U.S. District Judge William Sessions of Vermont, a commission member,
said the vote on retroactivity will have the “most dramatic impact on
African American families.” A failure to act “may be taken by some as
particularly unjust,” Sessions said before the vote.
The seven-member commission took note of objections raised by the Bush
administration, but said there is no basis to treat convicts sentenced
before the guidelines were changed differently from those sentenced
after the change.
Inmate family representatives and other advocates of retroactive easing
had said a Supreme Court decision on Monday could only improve chances
the commission would address the long-criticized disparity in sentences
for crack and powder cocaine offenses. Crack is predominantly used by
blacks; powder cocaine, predominantly by whites.
The administration restated its opposition to the easing on Tuesday before the commission voted.
“Our position is clear,” said Attorney General Michael Mukasey at a news conference. “We oppose it.”
The attorney general said the convicted crack offenders were sentenced
under an existing standard and to change that standard retroactively
dismisses any mitigating factors the sentencing judge considered when
deciding how long a prison term to set.
In addition, the release of inmates would cause problems for
communities whose probation and supervisory systems are not ready to
receive crack offenders, he said.
In two decisions Monday, the Supreme Court upheld judges who rejected
federal sentencing guidelines as too harsh and imposed more lenient
prison terms, including one for crack offenses.

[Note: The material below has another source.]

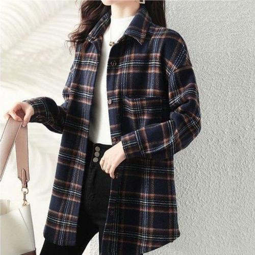 [셀러허브_여성트랜드패션]모직 체크 간절기 오버핏 셔츠 기모 남방 루즈핏 겨울
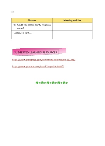 ๑๒ Phrases Meaning and Use ϵͿ ŽƵůĚ LJŽƵ ƉůĞĂƐĞ ĐůĂƌŝĨLJ ǁŚĂƚ LJŽƵ ŵĞĂŶ͍ 10Ϳ EŽ͕ / ŵĞĂŶƚ͙͘͘ SUGGESTED LEARNING RESOURCES ŚƚƚƉƐ͗ͬͬǁǁǁ͘ƚŚŽƵŐŚƚĐŽ͘ĐŽŵͬĐŽŶĨŝƌŵŝŶŐ-iŶĨŽƌŵĂƚŝŽŶ-ϭϮϭϮϬϱϮ ŚƚƚƉƐ͗ͬͬǁǁǁ͘LJŽƵƚƵďĞ͘ĐŽŵͬǁĂƚĐŚ͍ǀсLJƐƌE ƋϵϴtĨϬ

In the crack case, Justice Ruth Bader Ginsburg’s majority opinion said
Derrick Kimbrough’s 15-year sentence was acceptable, although
guidelines called for 19 to 22 years.
“In making that determination, the judge may consider the disparity
between the guidelines’ treatment of crack and powder cocaine
offenses,” Ginsburg said.
Kimbrough is black.
So are 86 percent of the 19,500 inmates who might see their prison
terms for crack offenses reduced if the commission approves retroactive
easing. By contrast, just over a quarter of those convicted of powder
cocaine crimes last year were black.
The sentencing commission recently changed the guidelines to reduce the
disparity in prison time for the two crimes. New guidelines took effect
Nov. 1.
Under the commission’s plan, retroactive sentence reductions would not
be automatic. A judge would have to review each inmate to decide
whether a reduction was merited.
“The Kimbrough decision is a tremendous victory for all who believe
that the crack and powder cocaine disparity is unjust,” said Mary
Price, vice president of Families Against Mandatory Minimums.
Kimbrough’s case, though, did not present the ultimate fairness
question. Congress wrote the harsher treatment for crack into a law
that sets a mandatory minimum of five years in prison for trafficking
in 5 grams of crack cocaine or 100 times as much powder cocaine.

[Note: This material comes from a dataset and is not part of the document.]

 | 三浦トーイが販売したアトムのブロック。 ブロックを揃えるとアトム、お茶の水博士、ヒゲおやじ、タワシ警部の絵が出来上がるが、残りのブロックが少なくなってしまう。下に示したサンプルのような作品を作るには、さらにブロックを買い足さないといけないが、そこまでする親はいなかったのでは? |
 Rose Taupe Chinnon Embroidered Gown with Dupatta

Seventy percent of crack defendants get the mandatory minimum.
Kimbrough is among the remaining 30 percent who, under the guidelines,
are supposed to receive even more prison time for trafficking in more
than 5 grams of crack.
Neither the court’s decision nor the commission’s guidelines affect the
minimum sentences, which only Congress can alter.
Calling the court decision a “minor fix,” U.S. District Judge Reggie B.
Walton of Washington said, “The ultimate fix has to be done by
Congress.” Last month, Walton endorsed retroactive easing of the
guidelines on behalf of the Criminal Law Committee of the federal
judiciary.
In previous years, the sentencing commission reduced penalties for
crimes involving marijuana, LSD and OxyContin, which are primarily
committed by whites, and made those decisions retroactive.